Merkle Trees

In our last lesson, we looked at cryptographic hash functions and attacks against them. Cryptographic hash functions are used in almost every protocol that guarantees integrity and authentication. But in a blockchain setting, one of their most important applications is in Merkle trees.

From the original patent on Merkle trees.

Merkle trees were invented by Ralph Merkle, one of the forefathers of modern cryptography. Though he patented the Merkle tree in 1982, the patent on them has long expired. Merkle trees are used widely in many applications, including Git, BitTorrent, ZFS, the Certificate Transparency framework, and of course, pretty much every cryptocurrency.

Let's walk through a simple example of how we might use a Merkle tree in an application.

Building up a Merkle tree

Say we're designing a file sharing protocol. We'll assume the files we're sharing are large—say, Linux distros.

In this protocol, once a user finishes downloading a file, they need to somehow verify it wasn't corrupted in transit. TCP itself can correct most random errors, but even so, corruption errors are common when dealing with files of this size. How can we ensure integrity at the application layer?

Here's an idea: let's ship a cryptographic hash alongside the Linux ISO. That way, after the user is done downloading the ISO, they can hash it and check if the digests match. Hashing is pretty fast—even on a single core you can hash hundreds of megabytes per second.

The Linux distro is now shipped alongside its hash.

But what if the hashes don't match? How do you know where the error in the file was?

Actually, you have no way of knowing where the error was. You have to throw out all of the 2GB and restart the download, hoping this time the corruption doesn't happen. This seems like a lousy solution.

Here's an idea: what if we break up the data into blocks and ship hashes for each block?

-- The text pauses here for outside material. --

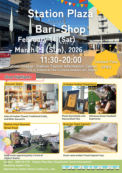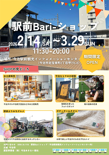 今治駅前エリアにおいて、今治ならではのお土産の販売や体験を提供する実証事業として、期間限定で「駅前Bariショップ」をオープンします!

This is nice! Now if we have a random corruption in our data, instead of downloading all 2GB over again, we can check which of the 250MB blocks came out corrupted and then only re-download that block. The downside is that we need to ship all 8 hashes alongside the download:

Block 1 digest: 743bacf85062c45f533060e3abb3dc1f02683269
Block 2 digest: 4db3539ecf02e69ffacec45751129e38bdfa469e
Block 3 digest: 0f34d88b134aece384b3d079996d08ee7eadecfd
Block 4 digest: 5bbc8a852490d2f9d9e0067f408950539af0bda9
Block 5 digest: 2ba7cb929bc68c6706b8be03946add92e941999d
Block 6 digest: ee389b56b4a6ff4407df5ffd5f675c2fa73edd22
Block 7 digest: d446b49425506732cfd707865908a99a1ab15ba7
Block 8 digest: 1f706fc900b2c4543525ea1434a201d169004a3d

For 250MB blocks this is probably fine, but if we want smaller blocks to minimize the impact of corruptions, then we need more than 8 hashes. If we wanted 128KB blocks, we'd need 15,000 hashes, and if we wanted 8KB blocks, we'd need 250,000 hashes. This becomes unwieldy pretty fast.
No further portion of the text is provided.